Пятки и ладони царапают жёсткие стебли осоки, понукаемая твёрдой рукой Мищенко, лошадь с трудом переставляет ноги, проваливаясь по брюхо прибрежном иле реки Туманной.

– Тут островок есть, – шепчет он, повернувшись назад к выбившемуся из сил Штольце, держащегося за гриву своей лошадки, – на него пешком выйдем, а там до другого берега метров сто всего.

Атамана мы потеряли когда почти у самого берега нас настигла погоня: из кустов наперерез выскочили трое матросов в тельняшках. Мищенко успел направить коня, которого он вёл под уздцы, в камыши, а Семёнов замешкался и упал. Последнее, что я успел заметить это – атаман, размахивающий шашкой и целящие в него из наганов, моряки.

«Что же делать? Нет ответа на извечный русский вопрос, одно хорошо – боль начисто прошла, хотя правый плечевой сустав работает плохо»…

Связанными руками безуспешно пытаюсь достать овода, впившегося в шею, моя лошадь справляется с подобной задачей не в пример лучше: её хвост то и дело гулко постукивает по крупу. Мищенко подхватывает левой рукой узду коня Штольце и, показалось, сам выталкивает его на песчаный берег длинной косы, намытый течением реки и, не переведя духа, продолжает гнать нас вперёд. Казак, ловко орудуя шашкой, прокладывает путь сквозь сплошные заросли низкорослого кустарника, и через десяток шагов ступаем на узкий жёлтый пляж, омываемый мутной водой.

– Руки ему развяжи, – кивает на меня немец, обессиленно опускаясь на песок, – смоет с седла…

– Подъём, не время отдыхать, – Мищенко одним движением сабли перерезает вязки на мои руках, кладёт её в ножны и, приложив ладонь ко лбу, смотрит на подёрнутую туманом противоположную сторону, – привал будет на том берегу. А ты, за стремя держись.

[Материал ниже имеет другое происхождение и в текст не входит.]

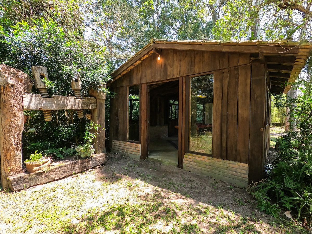 Chalé rústico, charmoso e confortável na área central de Garopaba. O chalé conta com sala, banheiro, cozinha equipada, mezanino e área em deck com churrasqueira. Ar condicionado 12.000btus Internet WIFI fibra ótica 500 Mbps. TV smart 43 polegadas com apps, Youtube e Netflix. Piscina natural linda, com água corrente, limpa e fresca. De uso exclusivo dos hóspedes. Estacionamento no terreno com portão eletrônico. Local familiar, tranquilo e sossegado. Excelente para férias e praias.
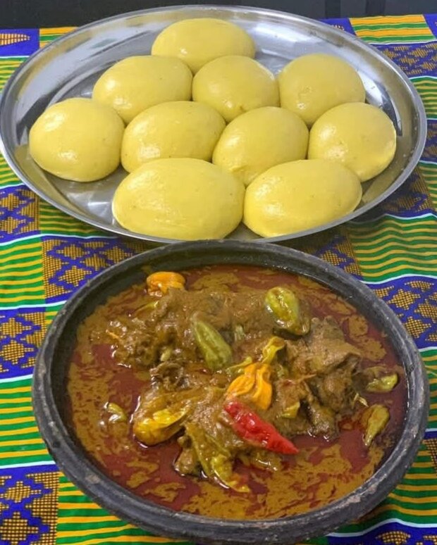 Foutou banane sauce graine. Vous avez le choix de prendre ce que vous aimez Poisson frais ou fumé,tripes, viande de boeuf, Patte de boeuf NB: c est 2 pains de foutou

Лошади, фырча от удовольствия, послушно пошли за ним с каждым шагом быстро погружаясь в воду, оттолкнулись ото дна и поплыли. Я хватаюсь за верхнюю луку седла, набежавший поток прижимает к боку коня, Мищенко отпускает уздечку, хватается за стремя, натягивая путлище, Штольце с его конём сразу относит от нас метров на пять вниз по течению.

– Не стрелять! – с берега доносится легко узнаваемый женский голос. Оборачиваясь, вижу знакомый до боли силуэт с поднятым на уровень глаз револьвером и тут же ныряю в мутную воду. Волнообразно работая руками, телом и связанными ногами, подныриваю под брюхом лошади и в этот момент слышу несколько негромких хлопков, как от пробки, вылетающей из бутылки шампанского. Открываю глаза: на светло-зелёном фоне видны близкие две черные тени человека и лошади и, увеличивающееся в размерах, красное пятно между ними.

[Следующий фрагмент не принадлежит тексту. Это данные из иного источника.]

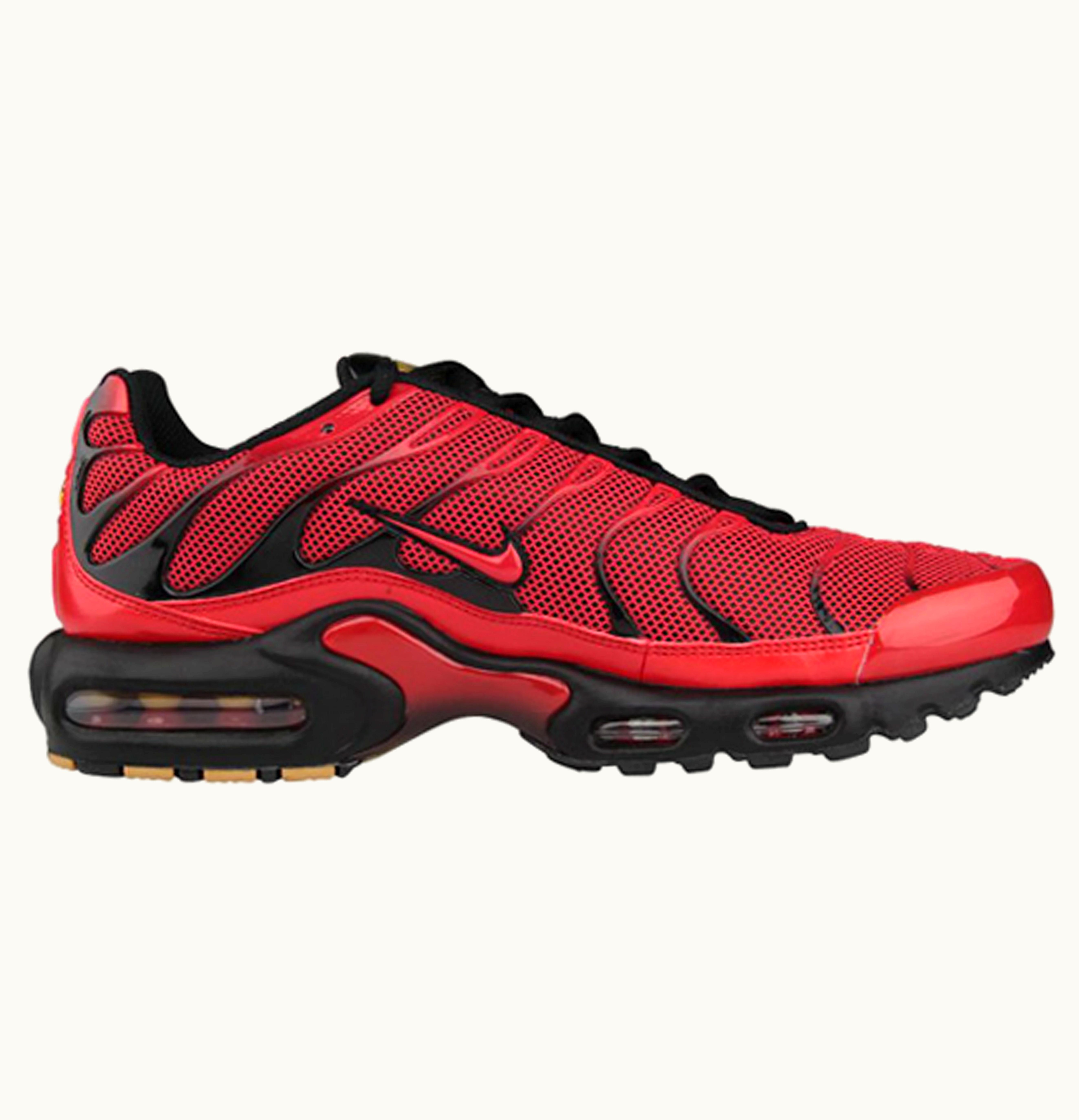 The Nike Air Max Plus Diablo Red is a stylish and comfortable footwear that features a bold red colorway that is sure to turn heads. It boasts a durable and lightweight construction, with a breathable mesh upper and supportive overlays that provide a secure fit. The shoes also feature a cushioned midsole with Nike's signature Air Max technology that offers responsive and comfortable cushioning, making them ideal for everyday wear or intense athletic activity. These shoes are finished off with a durable rubber outsole that ensures excellent traction on a variety of surfaces. Overall, the Nike Air Max Plus Diablo Red is a high-quality and stylish footwear that offers both comfort and performance.

«Мищенко, говоришь? Ну сейчас посмотрим какой ты Мищенко».

Вновь захлопали пробки из-под шампанского.

«По Штольце что ли лупят? Штольце – прежде всего, забудь о Мищенко»…

Но тело работает быстрее мыслей, подхватываю повод, тянущийся от морды тонущего коня, сворачиваю петлей и накидываю на ногу барахтающегося казака. Наши глаза на мгновение встречаются под водой на противоходе: он ещё пытается ухватить меня растопыренной пятернёй, но тщетно, я уворачиваюсь и тут – последние силы покидают меня.

С трудом выныриваю и, показывая на немца, шепчу плывущим ко мне морякам: «Это Штольце, запомните – это Штольце».

Глава 4

Посьетский залив, Тральщик «Баклан».

2 августа 1938 года, 23:00.

– Товарищ Юдин, – драматический шепоток подруги в коридоре возвращает меня в сознание, – неужели вы как доктор не понимаете, что пятичасовая погрузка и восьмичасовой переход от Посьета до Владивостока делают бессмысленной эвакуацию тяжелораненых морем в военно-морской госпиталь: если они не умрут в пути, то такая большая задержка самым серьёзным образом скажется на исходе лечения и сроках выздоровления. Хирургический стол не влезает в кают-компанию, носилки не проходят по узким трапам, ранбольные на палубе лежат под брезентовым навесом. Не лучше ли их было оставить на месте в медсанбатах?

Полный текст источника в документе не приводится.